» **Provided records**
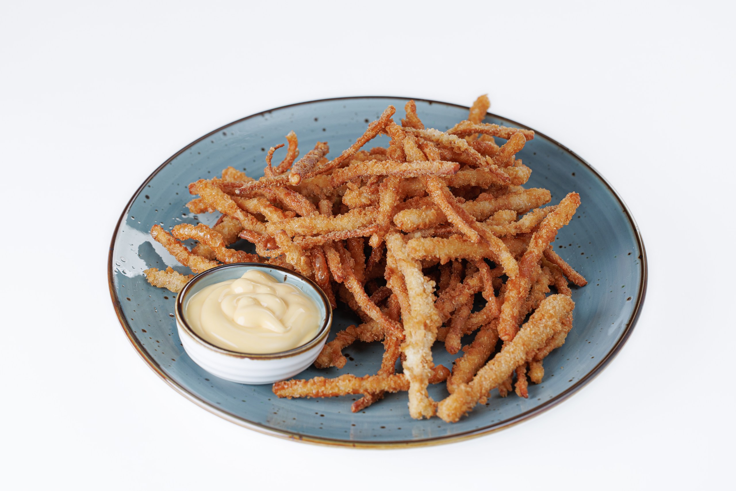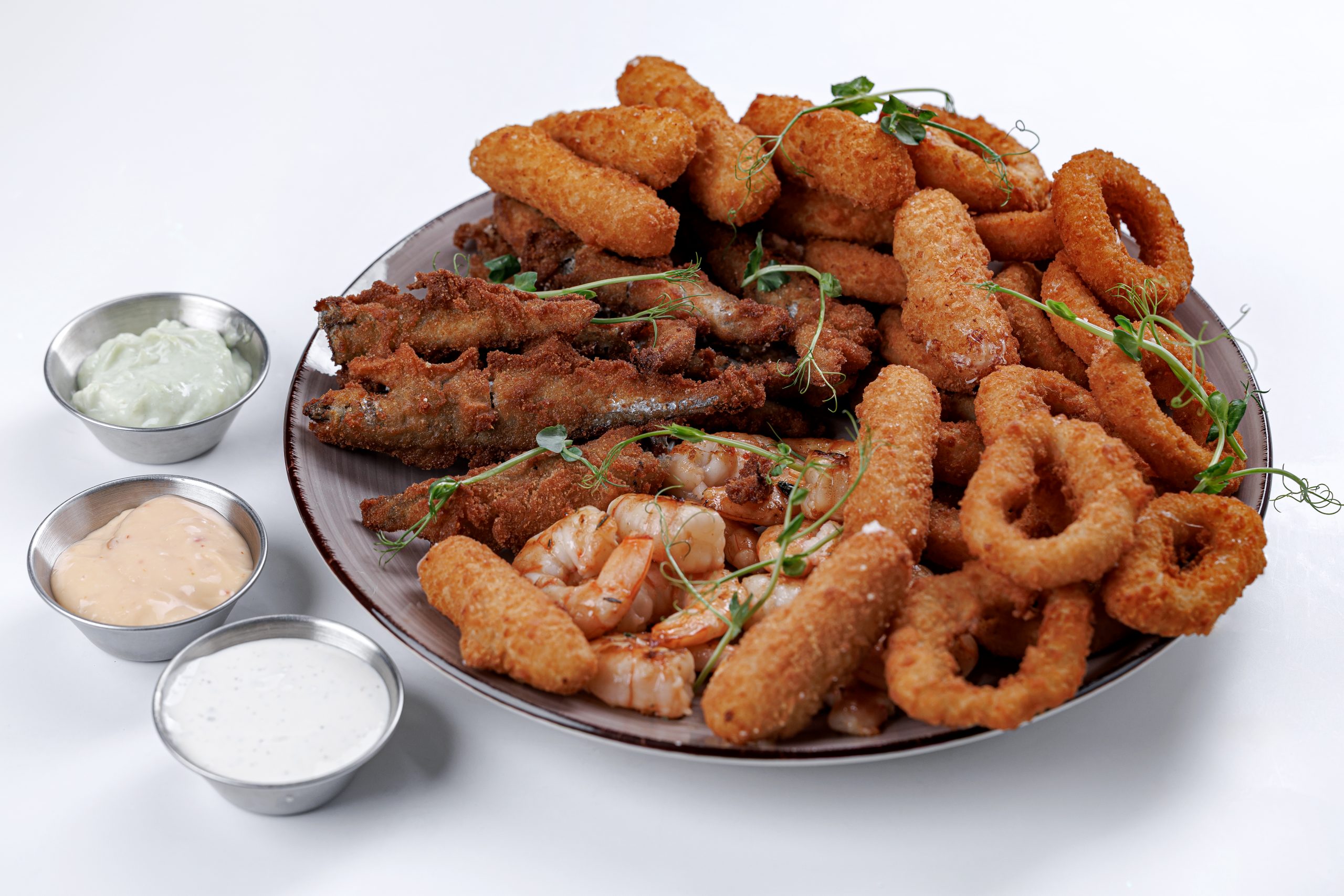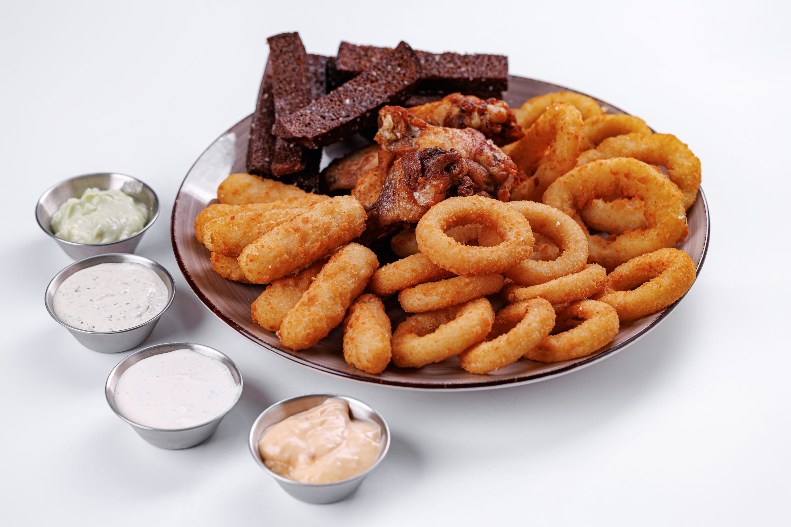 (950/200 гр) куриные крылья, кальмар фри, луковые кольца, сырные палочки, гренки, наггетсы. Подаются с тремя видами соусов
==
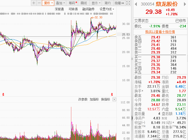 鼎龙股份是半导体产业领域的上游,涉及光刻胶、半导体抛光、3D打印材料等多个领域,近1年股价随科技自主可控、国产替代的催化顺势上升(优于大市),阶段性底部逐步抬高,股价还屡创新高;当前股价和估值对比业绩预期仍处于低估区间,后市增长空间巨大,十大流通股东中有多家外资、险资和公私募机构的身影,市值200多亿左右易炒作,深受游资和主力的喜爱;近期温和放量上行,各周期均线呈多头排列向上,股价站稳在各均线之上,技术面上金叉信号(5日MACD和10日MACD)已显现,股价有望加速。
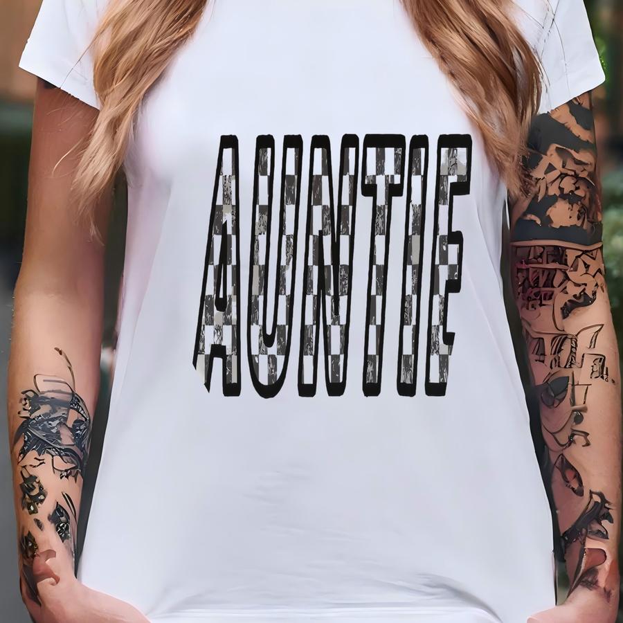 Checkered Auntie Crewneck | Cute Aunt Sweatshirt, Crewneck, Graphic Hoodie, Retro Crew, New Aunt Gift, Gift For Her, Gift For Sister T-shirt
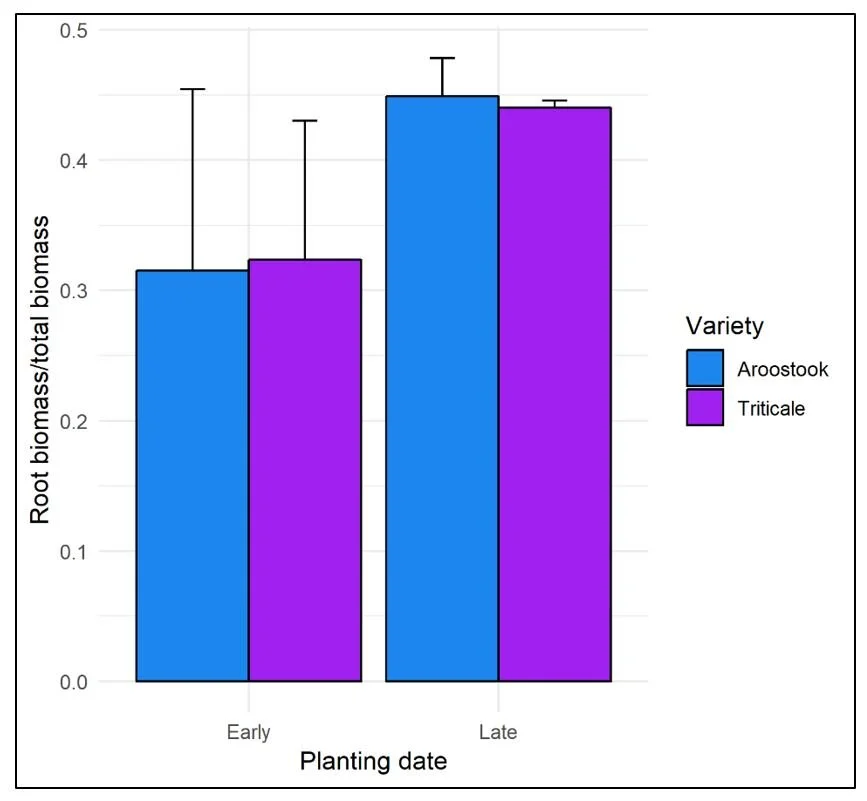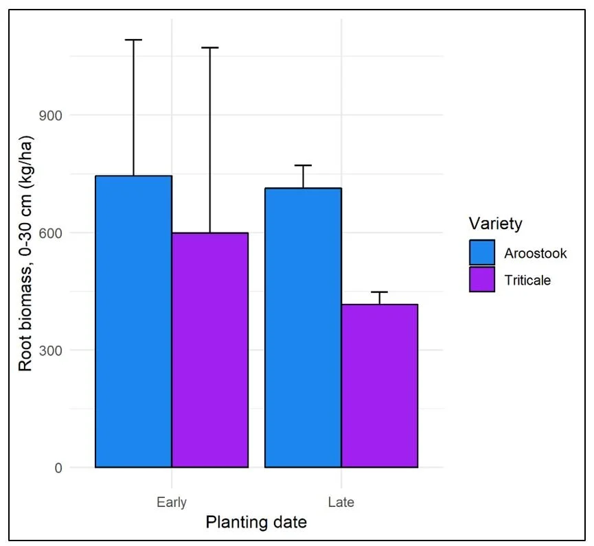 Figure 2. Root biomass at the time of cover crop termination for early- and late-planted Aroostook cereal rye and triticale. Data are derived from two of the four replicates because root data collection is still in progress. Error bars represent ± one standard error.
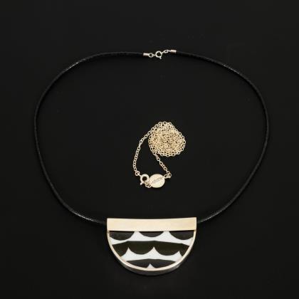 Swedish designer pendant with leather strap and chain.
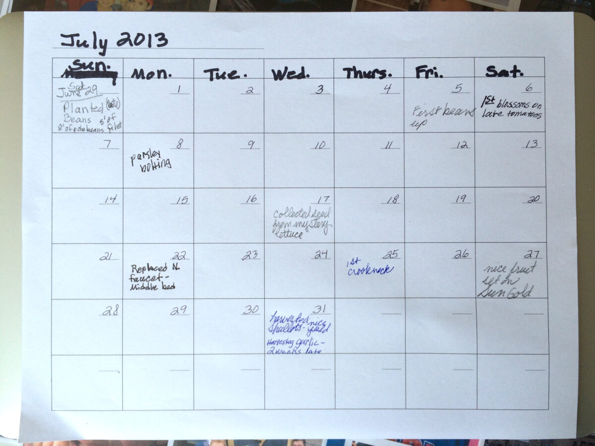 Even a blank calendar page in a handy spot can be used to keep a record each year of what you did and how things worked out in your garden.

» **Assigned task**
In the entries above, find the line that contains "Figure 2. Root" and the line that contains "Swedish designer pendant". Reproduce exactly those two lines and every line between them, but not the pictures.

» **Written response**
 Figure 2. Root biomass at the time of cover crop termination for early- and late-planted Aroostook cereal rye and triticale. Data are derived from two of the four replicates because root data collection is still in progress. Error bars represent ± one standard error.
 Swedish designer pendant with leather strap and chain.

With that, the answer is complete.